Rede zur Neustrukturierung des Bundeskriminalamtgesetzes

Frau Präsidentin! Verehrte Kolleginnen und Kollegen! Auch an die Adresse der Rednerinnen und Redner der Opposition gewandt, will ich mit einem Fallbeispiel beginnen, das deutlich macht, warum wir dringend eine andere Form der Zusammenarbeit im Bereich des Datenaustausches brauchen.

Anfang der 2000er-Jahre gab es in Sachsen und Thüringen eine Serie von Banküberfällen. Es waren immer zwei männliche Täter, die, bewaffnet mit Faustfeuerwaffen, Banken überfallen haben und danach mit Fahrrädern geflüchtet sind. Es war eine Serie von 13 Überfällen. Diese wurden isoliert bearbeitet. Zwei solcher Fälle fanden außerdem in Mecklenburg-Vorpommern statt, und man konnte der Täter nicht habhaft werden.
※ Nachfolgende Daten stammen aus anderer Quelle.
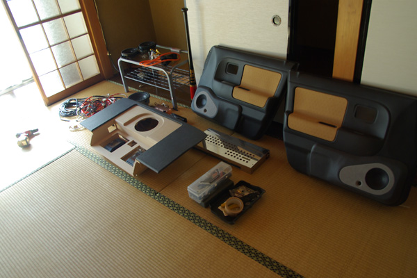 これから取り付けるもの一式です。Aピラーはすでに車に取り付けてあるのでここにはありません。
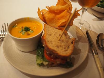 店内を見渡すと、スープとサンドイッチのハーフセットを食べている人がいます。あまりお腹が空いていなかったので、私はそれ、妻はバター・レタス・サラダだけを注文しました。味もボリュームも文句ありません。
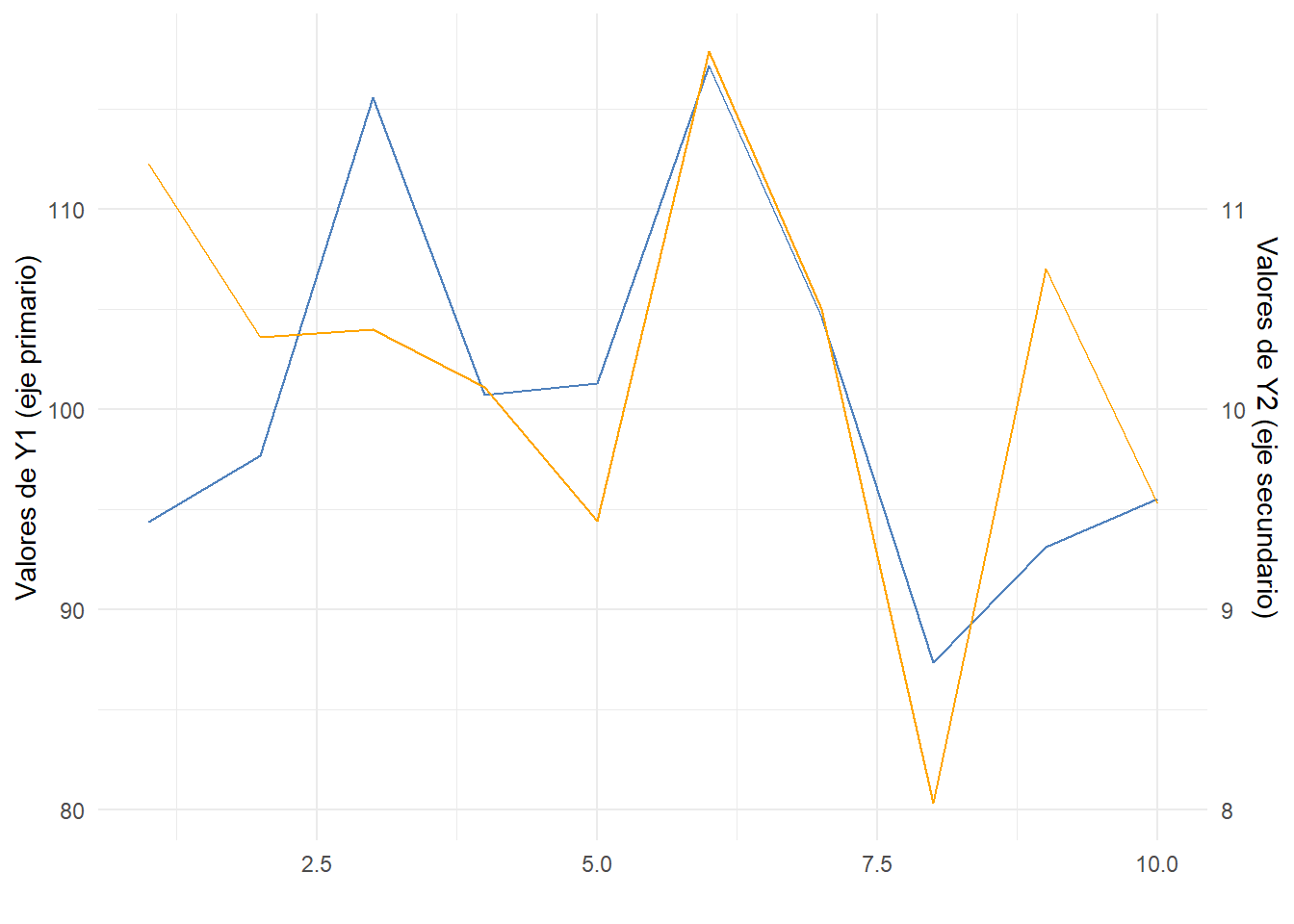 Finalmente, es altamente recomendable evitar gráficos que utilizan más de un eje Y, también conocido como eje secundario. Estos gráficos son díficiles de interpretar dado que los rangos y escalas de los ejes pueden ser diferentes, lo cual dificulta realizar una comparación adecuada entre las variables, como se puede observa en la Figura 6.5
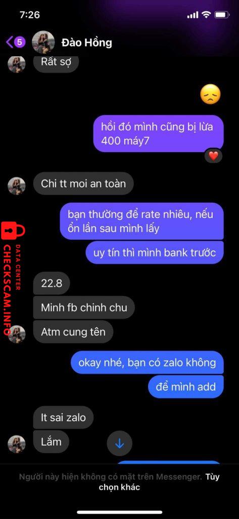 Alerte d'arnaqueur: Đào Thị Thu Hồng
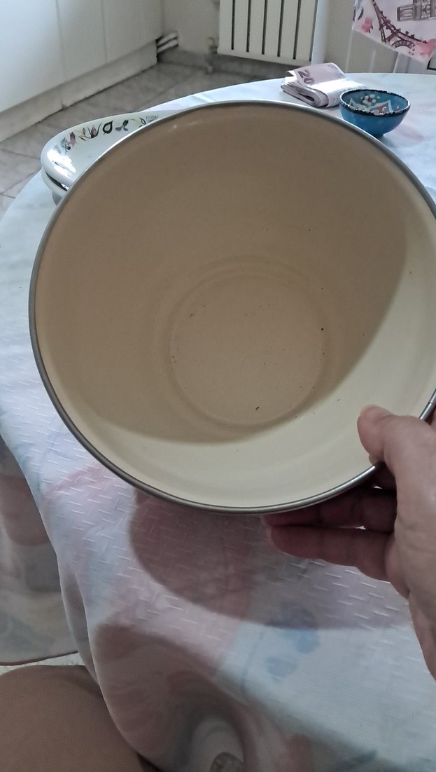 Pürüzsüz iç yüzeye sahip bej renkli derin tencere, çeşitli yemekler için uygundur. Gri kenarlığı 12 cm derinlik 20 cm cap
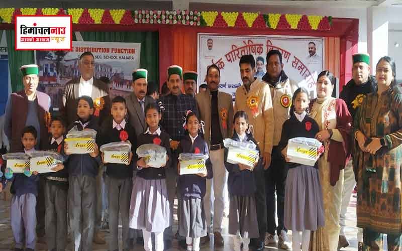 धर्मशाला : शाहपुर के विधायक और उपमुख्य सचेतक केवल पठानिया ने राजकीय वरिष्ठ माध्यमिक पाठशाला कल्याड़ा के वार्षिक उत्सव के दौरान 79 स्कूली बच्चों को नि:शुल्क ट्रैक सूट और जूते वितरित किए। इनमें 40 छात्र और 39 छात्राएं शामिल थीं। शाहपुर वेलफेयर सोसाइटी और कल्याड़ा कांग्रेस कमेटी के सौजन्य से यह सहायता प्रदान की गई। ट्रैक सूट और जूते पाकर बच्चों के चेहरों पर खुशी झलक रही थी।
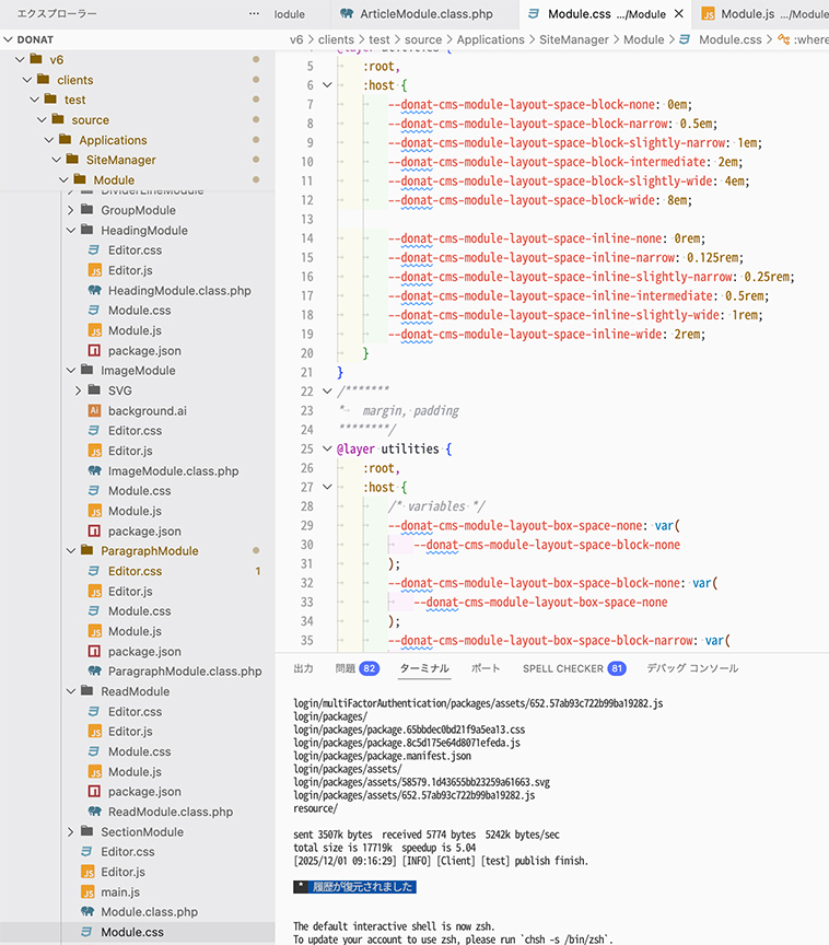 〈デザイン〉を設定したら、いよいよ〈ページ〉を作っていきましょう。文章、画像、表、添付ファイルなど、既存CMS「DaaS(ダース)」の機能はもちろん使えるうえに、どのモジュールを使っても、段組をしても、きちっと「ツラが合う」のがSBの特徴です。新機能としては〈余白〉〈テキストの回り込み〉〈画像の表示位置〉〈区切り線〉〈リスト表示〉〈ルビ〉〈背景色〉など、てんこ盛り!!

Viel tragischer ist aber: In den alten Bundesländern gab es in der gleichen Zeit eine Mordserie, bei der zehn Menschen – darunter neun ausländische Mitbürger – kaltblütig ermordet wurden. Der einzige Hinweis, den man hatte, war, dass es zwei männliche Personen mit Faustfeuerwaffen waren, die mit Fahrrädern geflüchtet sind. – Es war der NSU.

Aufgrund der Struktur der Datenbanken und auch durch Recherche war es für die Polizisten in Sachsen, Thüringen und Mecklenburg-Vorpommern nicht möglich, zu erkennen, dass es im Rest von Deutschland eine Mordserie gab, bei der die Beschreibung der flüchtenden Mörder identisch war mit der Beschreibung der Täter bei den Banküberfällen. So wurden diese beiden Serien parallel bearbeitet, ohne dass man je den Zusammenhang erkannt hat, bevor 2011 der NSU aufflog.

Das wird jetzt beseitigt. Dagegen etwas zu haben, kann ich persönlich nicht verstehen und ist wirklich niemandem in diesem Land erklärbar.

(Beifall bei der CDU/CSU und der SPD)

Es geht nämlich beim BKA-Gesetz nicht nur um Terrorismusbekämpfung. Es ist richtig: Ein ganzer Abschnitt befasst sich mit der Terrorismusbekämpfung. Wir setzen damit die Vorgaben um, die uns das Bundesverfassungsgericht in Karlsruhe gemacht hat: beim Kernbereichsschutz, beim Schutz von Berufsgeheimnisträgern – dazu haben wir manche Debatte zu führen gehabt – oder bei Eingriffen in den Datenschutz.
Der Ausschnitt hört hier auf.